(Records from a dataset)
-=-=-=-=-
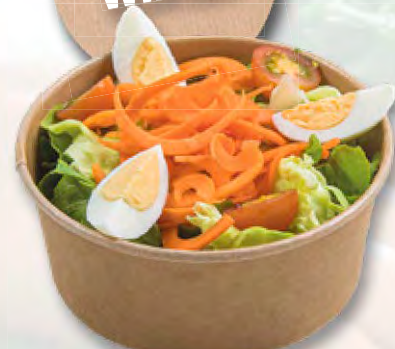
* Blattsalat mit Karottenspiralen und Ei CHF 7.95
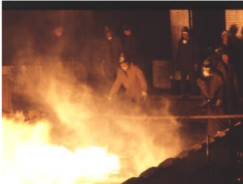
Саянский алюминиевый комбинат
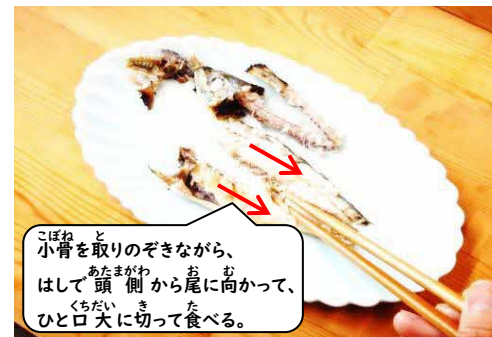
⑦ 下側の身を食べる。
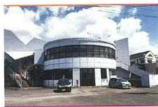
・プライムワークス建物全景
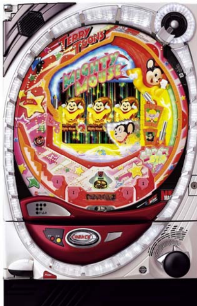
CRテリーテューンズマイティマウス
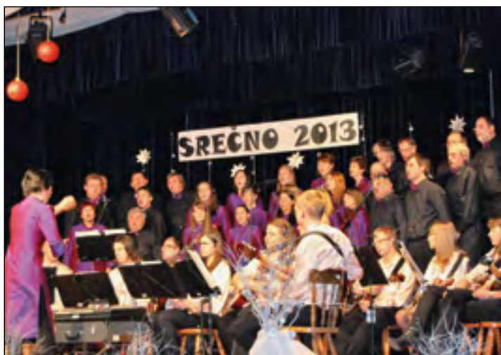
Mešani pevski zbor iz Črešnjevca s tamburaškim orkestrom iz Majšperka
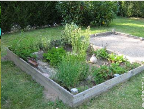
bac à sable
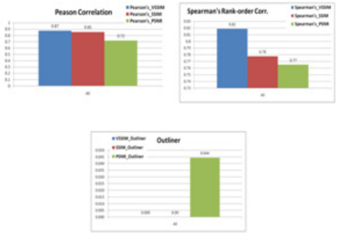
3. 주관적 화질 평가 결과

이 그래프에서 볼 수 있듯이 단순한 상관도만을 비교하는 pearson correlation의 경우 기존의 SSIM과 비교해 봤을 때 약간의 성능 개선이 있음을 알 수 있다. 하지만 monotonicity 혹은 consistency 를 측정하는 spearman's rank-order correlation의 경우 높은 성능 개선을 얻었다.
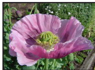
DT 321 AIRSAN OPIUM Fragranza OPIUM
-=-=-=-=-
Hand over the entries again, exactly as written and without the pictures.

• Response box
* Blattsalat mit Karottenspiralen und Ei CHF 7.95
Саянский алюминиевый комбинат
⑦ 下側の身を食べる。
・プライムワークス建物全景
CRテリーテューンズマイティマウス
Mešani pevski zbor iz Črešnjevca s tamburaškim orkestrom iz Majšperka
bac à sable
3. 주관적 화질 평가 결과

이 그래프에서 볼 수 있듯이 단순한 상관도만을 비교하는 pearson correlation의 경우 기존의 SSIM과 비교해 봤을 때 약간의 성능 개선이 있음을 알 수 있다. 하지만 monotonicity 혹은 consistency 를 측정하는 spearman's rank-order correlation의 경우 높은 성능 개선을 얻었다.
DT 321 AIRSAN OPIUM Fragranza OPIUM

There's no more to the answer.